Geometry by Wikipedia Bot 0
Geometry is a branch of mathematics that deals with the properties, measurements, and relationships of points, lines, shapes, and spaces. It encompasses various aspects, including: 1. **Shapes and Figures**: Geometry examines both two-dimensional shapes (like triangles, circles, and rectangles) and three-dimensional objects (like spheres, cubes, and cylinders). 2. **Properties**: It studies properties of these shapes, such as area, perimeter, volume, angles, and symmetry.
Graph theory by Wikipedia Bot 0
Graph theory is a branch of mathematics and computer science that studies the properties and applications of graphs. A graph is a collection of nodes (or vertices) connected by edges (or arcs). Graph theory provides a framework for modeling and analyzing relationships and interactions in various systems. Key concepts in graph theory include: 1. **Vertices and Edges**: The basic building blocks of a graph. Vertices represent entities, while edges represent the connections or relationships between them.
Game theory by Wikipedia Bot 0
Game theory is a mathematical framework used for analyzing situations in which multiple players make decisions that affect one another's outcomes. It provides tools to model and predict the behavior of individuals or groups when they are confronted with competitive or cooperative situations. Key concepts in game theory include: 1. **Players**: The decision-makers in the game, which can be individuals, groups, or organizations. 2. **Strategies**: The plans of action or choices available to the players.
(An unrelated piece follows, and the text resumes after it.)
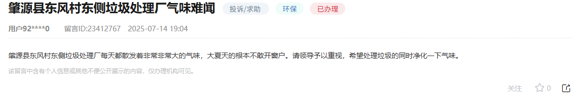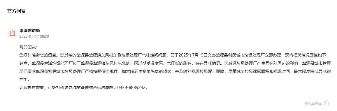 肇源县信访局积极办理了该条留言。据回复,经查,肇源县生活垃圾处理厂位于肇源县肇源镇东风村东北处,近期受温度高、气压低的影响,存在异味情况。为减轻垃圾处理厂产生异味对周边的影响,肇源县城市管理局已要求肇源县利民城市垃圾处理厂严格按照操作规程,加大喷洒生物菌除臭剂频次,并及时对裸露垃圾覆土覆膜,尽量减少垃圾裸露面积和裸露时间,最大限度降低异味的产生。

Mathematics has evolved through various historical periods, each characterized by different developments, techniques, and areas of focus. Here's a brief overview of key periods in the history of mathematics: ### 1. **Ancient Mathematics (c. 3000 BC - 500 AD)** - **Civilizations:** Early contributions from the Egyptians (geometry and basic arithmetic), Babylonians (base-60 system), and Greeks (geometry and formal proofs).
Mathematics timelines refer to chronological representations or visual displays that outline significant developments, discoveries, and contributions in the field of mathematics over a period of time. These timelines can include key events, the lives of influential mathematicians, the introduction of important concepts and theorems, and the evolution of mathematical ideas.
"Works" about the history of mathematics can refer to a variety of texts, including books, articles, and papers that explore the development of mathematical concepts, theories, and practices over time.
Mathematical analysis is a branch of mathematics that deals with the properties and behaviors of real and complex numbers, functions, sequences, and series. It provides the rigorous foundation for calculus and focuses on concepts such as limits, continuity, differentiation, integration, and sequences and series convergence. Key topics within mathematical analysis include: 1. **Limits**: Exploring how functions behave as they approach a specific point or infinity.
Physical mathematics is an interdisciplinary field that blends concepts from mathematics and physical sciences to address and solve problems in the physical world. It often involves the application of advanced mathematical techniques and theories to model, analyze, and understand physical phenomena. Key aspects of physical mathematics include: 1. **Mathematical Modeling**: Developing mathematical representations of physical systems, such as differential equations that describe motion, heat transfer, or wave propagation.
Academic work in mathematics encompasses a wide range of activities and outputs, including but not limited to: 1. **Research Papers**: These are formal documents that present original findings, insights, or theories in various branches of mathematics. Researchers publish these papers in academic journals, which are then peer-reviewed by other experts in the field. 2. **Dissertations and Theses**: Graduate students in mathematics often prepare extensive research documents as part of their degree requirements.
Number theory by Wikipedia Bot 0
Number theory is a branch of mathematics that deals with the properties and relationships of numbers, particularly integers. It is one of the oldest areas of mathematics and has a rich historical background, dating back to ancient civilizations. Number theory explores various topics, including: 1. **Prime Numbers**: The study of prime numbers (integers greater than 1 that have no positive divisors other than 1 and themselves) and their distribution.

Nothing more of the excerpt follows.